■ **Problem statement**: Which lines run from the line with "Dual Human Face" to the end of the entries? Write out exactly those, leaving out the pictures.

■ **Records provided**:
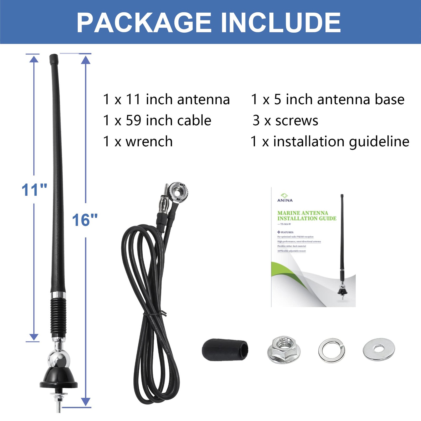 16 Inch Marine Radio Antenna for Pickup Truck Boat ATV UTV RV Motorcycle Trac...
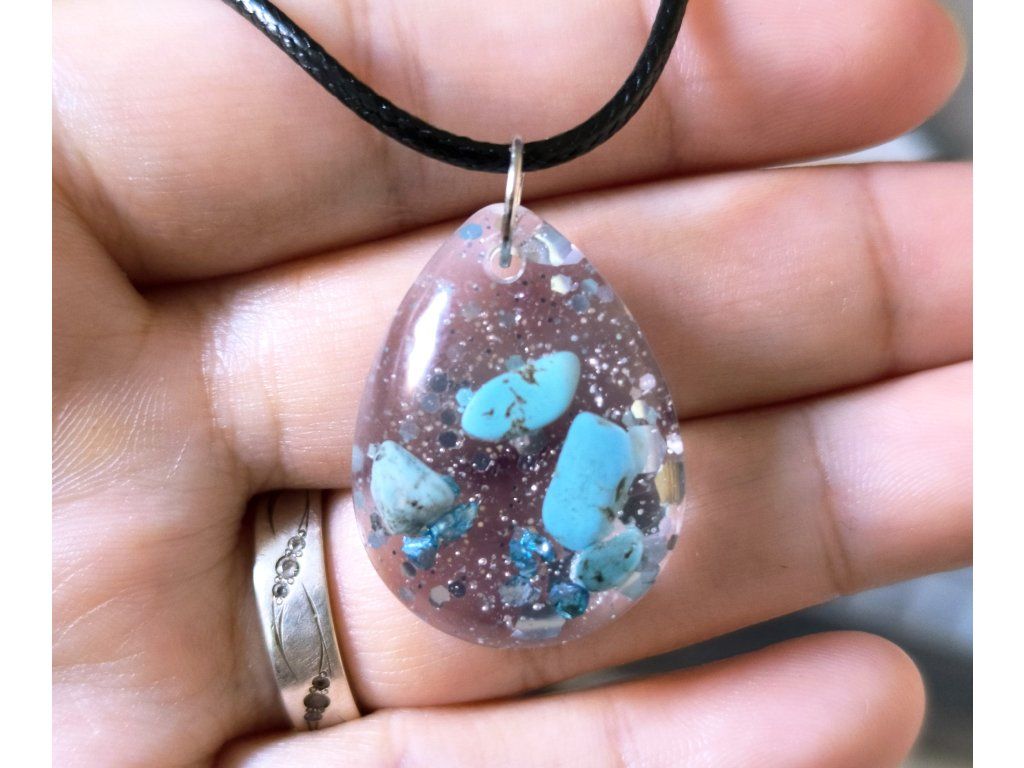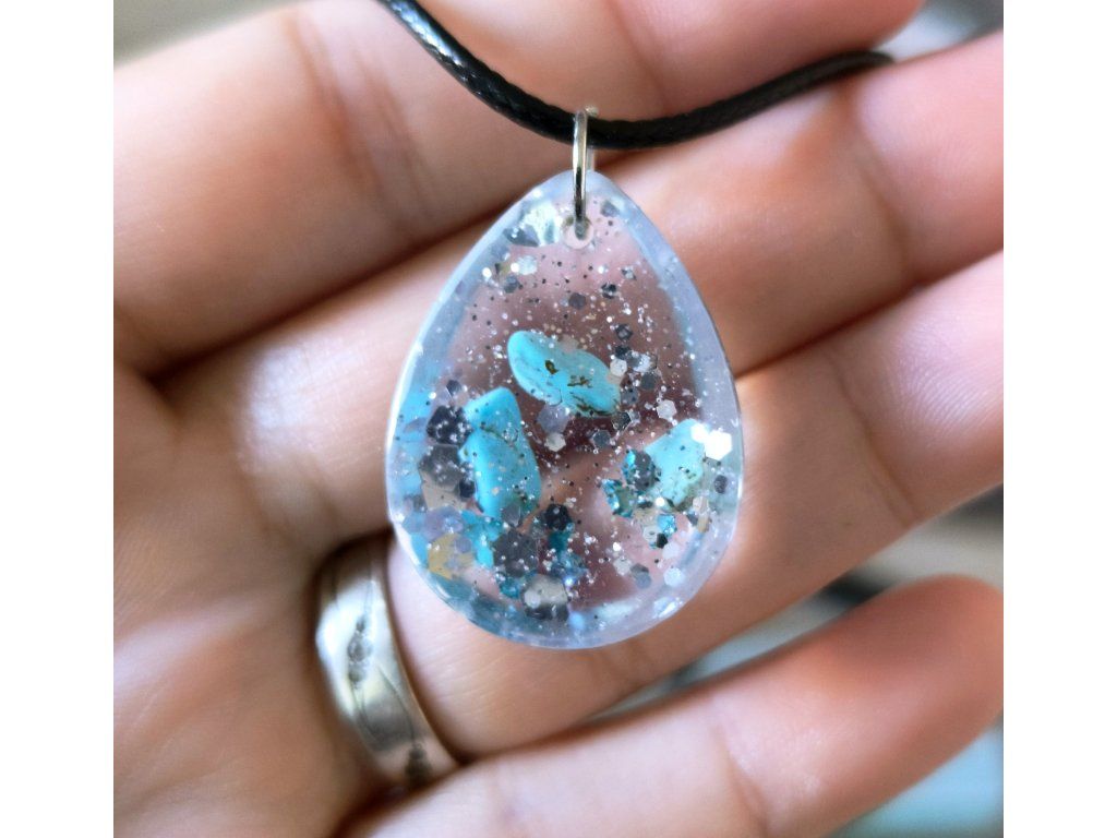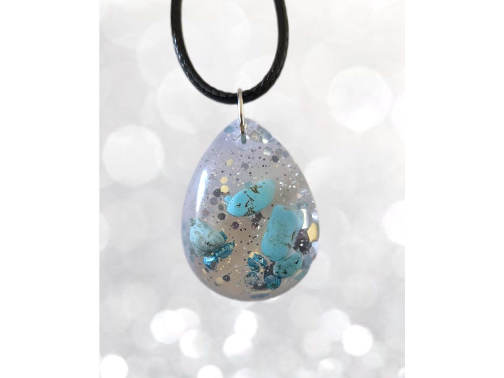 Čistý přívěsek bez symbolů, ve kterém vyniká tyrkys – kámen ochrany, klidu a vnitřní rovnováhy.Jemné třpytky dodávají šperku hloubku a lehce snový efekt, aniž by narušily přirozenou krásu kamene.
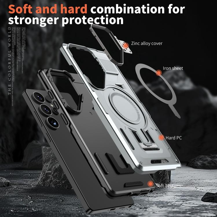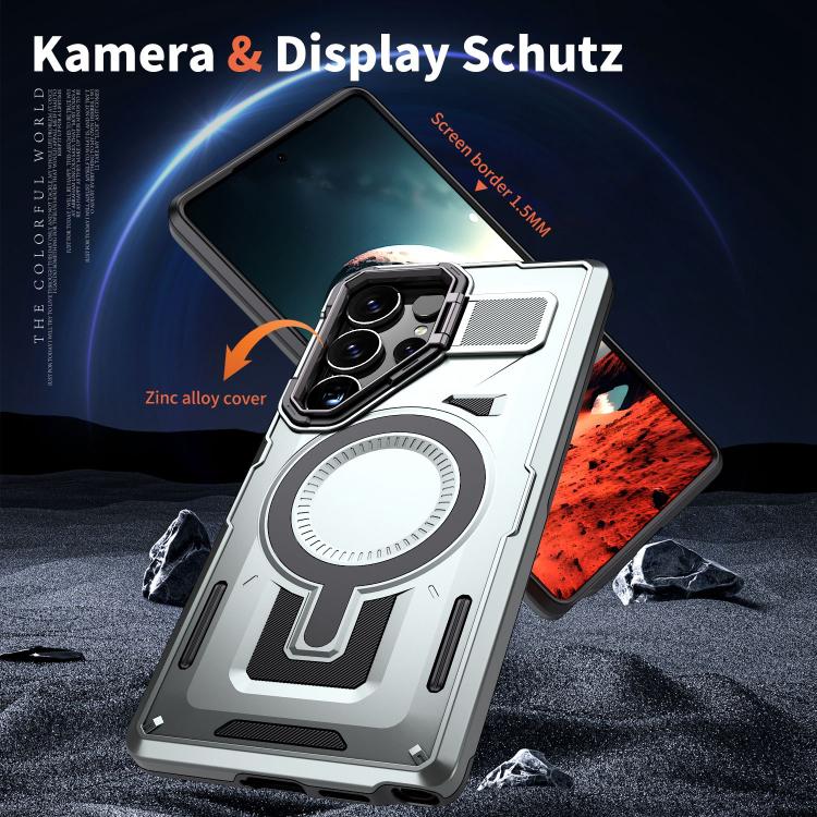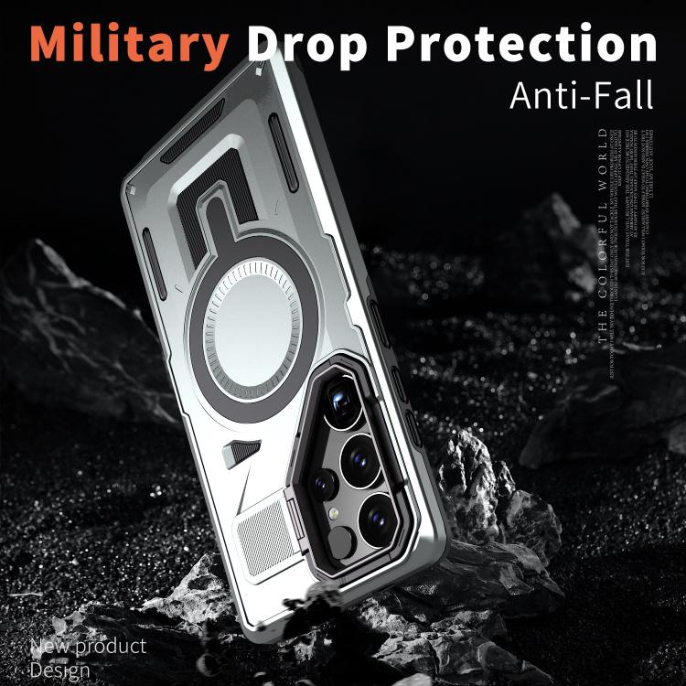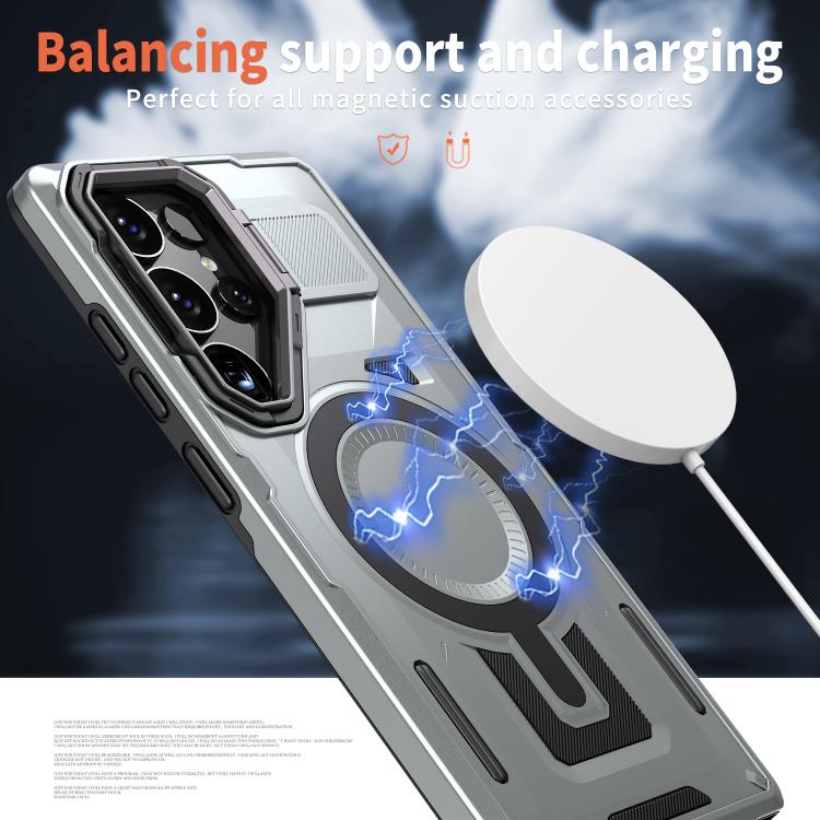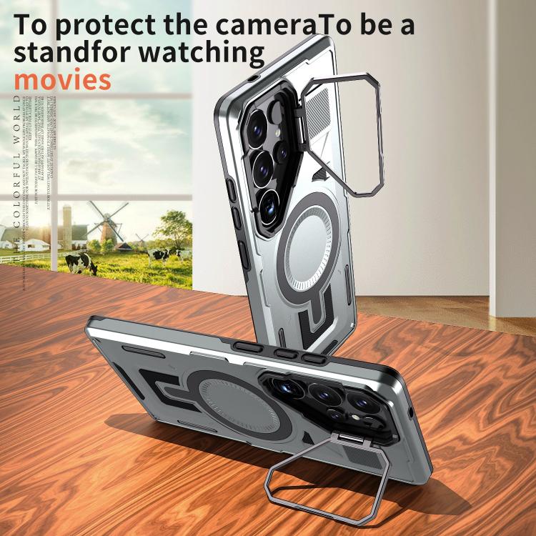For Samsung Galaxy S23 FE 5G Shield Hollow Frame Holder MagSafe Phone Case(Grey)
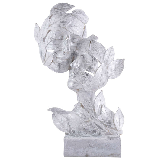 Dual Human Face Statue with Botanical Detail Contemporary Art Figurine
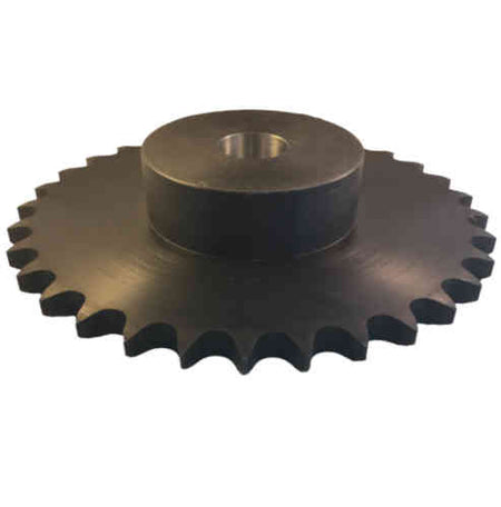 This Type B, minimum bore sprocket drives #80 standard roller chain. All of our sprockets are manufactured with hardened steel teeth to improve overall strength and prevent wear and tear on both the sprocket and the chain. CUSTOM BORING AVAILABLE - CALL 1-888-868-5891

■ **Written solution**:
 Dual Human Face Statue with Botanical Detail Contemporary Art Figurine
 This Type B, minimum bore sprocket drives #80 standard roller chain. All of our sprockets are manufactured with hardened steel teeth to improve overall strength and prevent wear and tear on both the sprocket and the chain. CUSTOM BORING AVAILABLE - CALL 1-888-868-5891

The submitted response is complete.